Glide lets you pin dependencies to specific commits (the "version" key takes a semver version constraint, a branch name or a commit hash), and transitive dependencies will be pinned via the lockfile, so it works even if the implicitly included dependencies don't use versioning.

The main problem with Glide is that it's buggy. It also lacks some important features. You still can't do "glide update" on a single dependency, for example. It's all or nothing.

sdboyer9y ago

yeah, this is one of the main pain points there. the reason it's so difficult to solve in glide is intrinsically tied to the engine glide uses for version selection - otherwise we'd have dealt with it long ago.

OhSoHumble9y ago

I agree. I have a friend who likes the concept of Go but refuses to try it out unless it has a good dependency management solution.

ernsheong9y ago

This podcast (iOS) is really worth listening. Straight from the horse's mouth:

"Dependency Management, Semver, and Community Consensus" https://itunes.apple.com/my/podcast/go-time/id1120964487?mt=...

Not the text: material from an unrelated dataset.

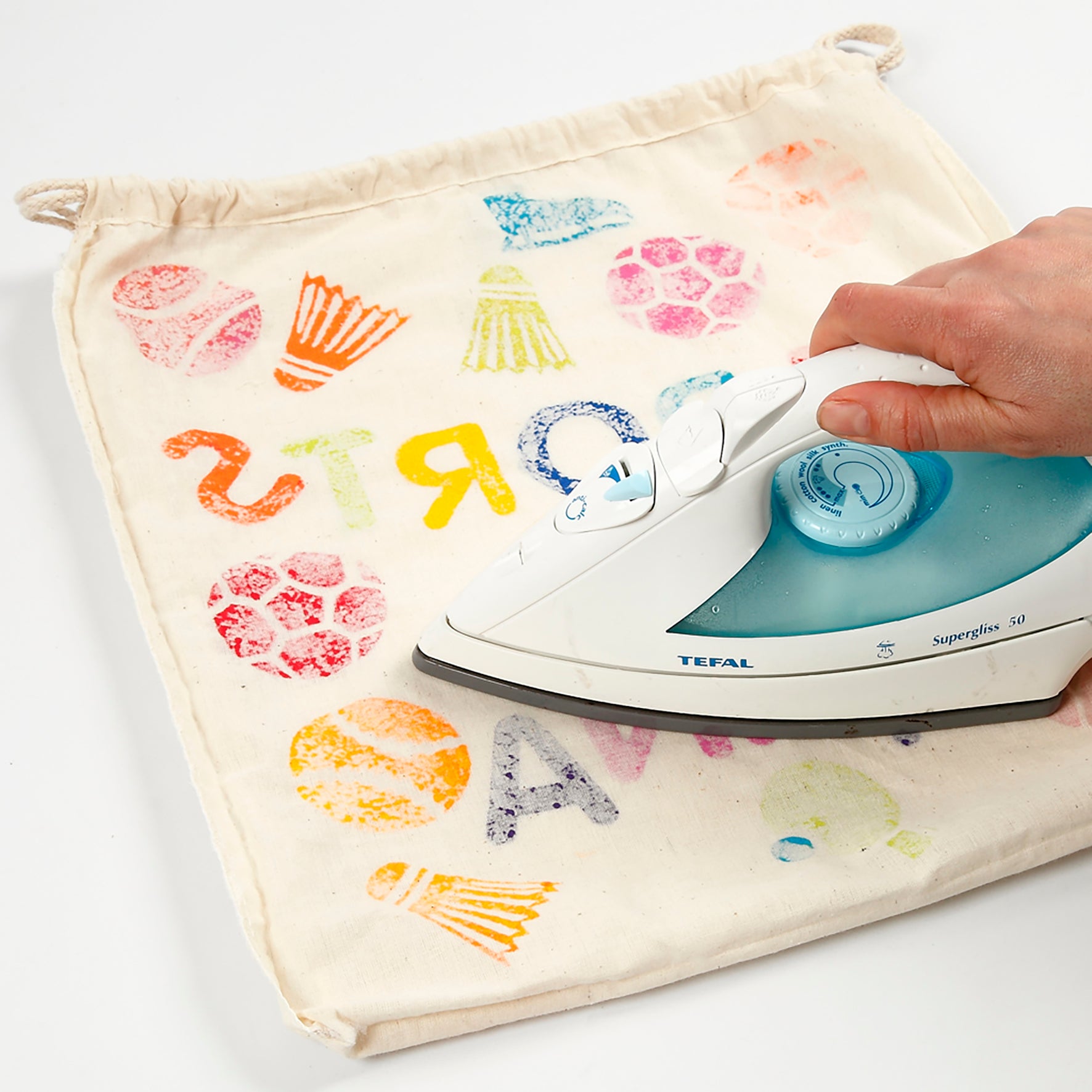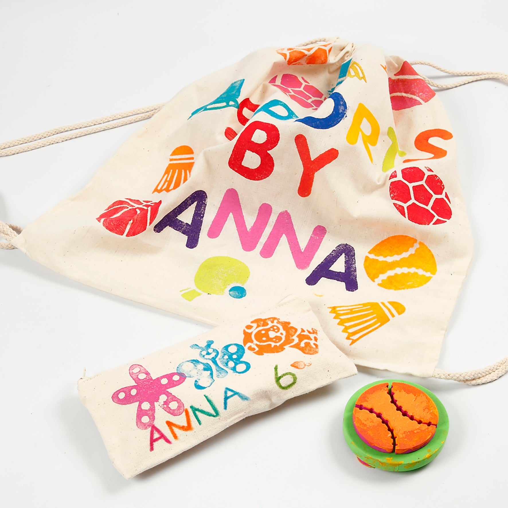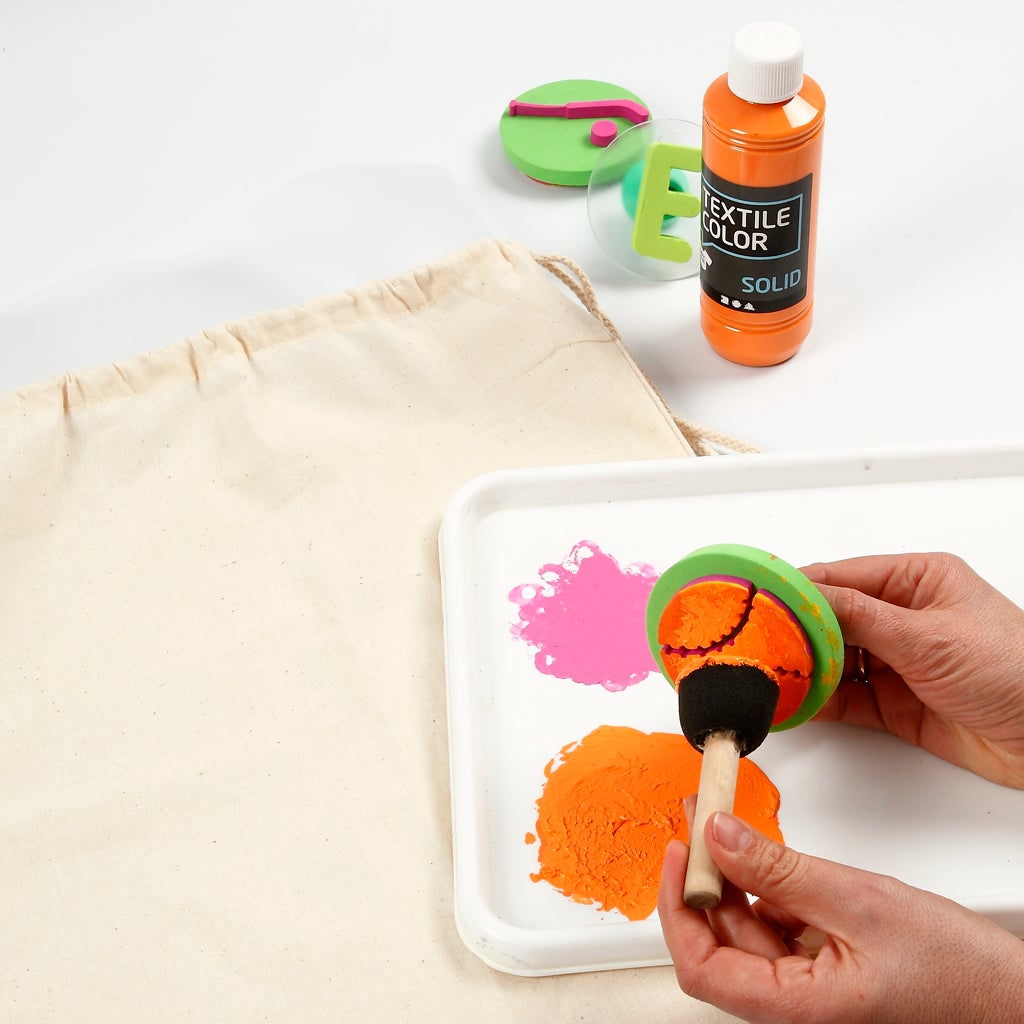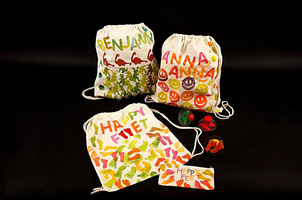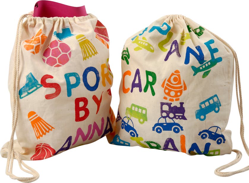 Använd lämpliga färger för textil som du kan måla eller trycka på påsarna. Låt fantasin flöda och skapa fantastiska mönster, och dekorera även med pärlor och paljetter.

It explains how go dep fundamentally works alongside the other tools.

OrangeTux9y ago

Web version of same podcast https://changelog.com/gotime/36

zellyn9y ago

If you have any skills or interest in this area, the dep team could use your help. Even just trying it out, running into trouble, and filing bugs would be helpful. Join #vendor on the Golang Slack.

geodel9y ago

Great initiative. If it goes well we hopefully will have an integrated dependency management solution with go command by next year this time.

devty9y ago

The `dep` repository: https://github.com/golang/dep

ernsheong9y ago

This podcast (iOS) is really worth listening. Straight from the horse's mouth:

"Dependency Management, Semver, and Community Consensus with Sam Boyer" https://itunes.apple.com/my/podcast/go-time/id1120964487?mt=...

vkat9y ago

Started with dep recently on a real go project at work. It worked initially fine until I started adding dependencies and I had to hunt down the right commit hash by looking at the dependencies. I am probably going to stick with it and maybe contributing upstream as well.

politician9y ago

Anyone know how dep's approach differs from the two-step process in `gb`?

(gb vendor fetch github.com/some/pkg, gb build, git commit -am "all of your vendor'd source")

sdboyer9y ago

sadly, gb is one of the extant systems i haven't had a ton of time to explore. but...

i guess the analogue to what you're describing would be

1. <add an import path> 2. `dep ensure` 3. `git commit -am "all of your vendor'd source`

a bit more detail, starting at a high level: gb is a replacement toolchain. dep is focused strictly on dependency management. there is no notion of a `dep build`.

with dep, there's no explicit command to actually fetch a dep; the import graph is still queen, as is customary in go. so there's no direct analogue to `gb vendor fetch github.com/some/pkg`. if you want to add a dep, import it in your source code, and run `dep ensure`. (there's some flux in exactly how that works right now, but what i'm describing is the state we're moving towards)

`dep ensure` is really the workhorse command, and pretty much the only thing you'll ever need to run. (in fact, the only three subcommands we currently plan on having are `init`, `ensure`, and `status`).

mappu9y ago

`gb` has a package-management-only version in `gvt` by @FiloSottile .

shadowmint9y ago

In summary, via gb:

    git add vendor/ && git commit

In dep:

    echo vendor >> .gitignore

Ie. Dep is designed to easily restore specific versions of packages online, like other package managers. Gb expects you just commit them.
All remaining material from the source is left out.